At Adobe, a company that’s all about content, content creators, and ensuring that subscribers to their services stay subscribed, that means using AI and machine learning to continuously improve the user experience.

“Things we can do that will help content creators do their jobs are really important to us,” Parmenter explains.

That includes improvements in image recognition, such as allowing a Photoshop artist to perform a delicate operation, such as selecting human hair in an image, easily — previously a hugely effort-intense labor. Or now that the program recognizes human movement and gestures, animators and can apply those directly to a digital puppet, without the hours of painstaking point and clicking.

“The best of breed now is you can do it with the click of a button,” he says. “There’s a lot of UX design there. You have to give the user a gesture that makes sense to them, that they can then execute on, and it has to work the first time or they’ll never use the feature again.”
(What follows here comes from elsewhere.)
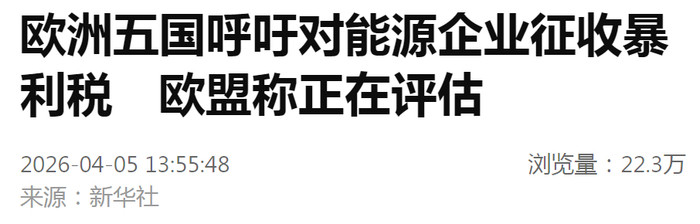 欧盟委员会又名发言东说念主4日阐明,收到五个欧盟成员国条件对动力企业征收暴利税的建议,正对此进行评估。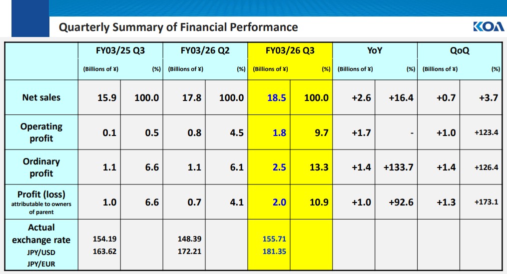 KOA 28日盤後公布上季(2025年10-12月)財報:以中國為中心的車用需求、以及亞洲資料中心等AI相關需求強勁,帶動合併營收較去年同期大增16.4%至184.6億日圓、合併營益狂飆19倍(狂飆1,900%)至18億日圓、合併純益暴增92.6%至20.1億日圓。

The biggest benefit of AI for user experience is twofold:  it speeds up things that were very tedious, he explains, and it adds brand-new capabilities that couldn’t have been possible even just a few years ago.

He points to the problem of refining creative asset searches. For Adobe Stock, the company’s creative assets database, the company’s focus is on surfacing relevant content based on who you are and based on the kind of searches you’ve done before, as well as eliminating the reliance on inaccurate, incomplete metadata that used to depend on input from individual photographers.

“You’d rely on somebody tagging a photo to say, this is a picture of a woman on a bicycle. As Stock has a lot of user-generated content, the author who submitted the photo would have to fill that in. But now we can find things in the photo that nobody would ever fill in.”

With unsupervised learning, a branch of machine learning, their algorithm learns from mountains of test data that has not been labeled, classified, or categorized. Rather than iterating as the algorithm receives feedback, it continuously works to identify commonalities across the data pool and learns based on their presence or absence in each new piece of data.

“That would be really hard to do without AI,” he says. “It’s just not possible for a human to process all of this data.”

Another example is the Adobe Lightroom, a platform for photographers to store, edit, and organize their images. “I have 100,000 photos in my library,” says Parmenter, “and I’m not much of a photographer. Real photographers have millions.”

Adobe Sensei uses machine learning to not only recognize people, content, and keywords for better search in Lightroom — among millions in your library — but can surface the best-quality photos from your library or a set of photos by training the system on numerous signals that identify a high-quality photo versus a low-quality one. Again, the savings in time for the end user is enormous.

To launch your own AI-powered UX, Parmenter suggests starting more simply, with something tractable that adds value.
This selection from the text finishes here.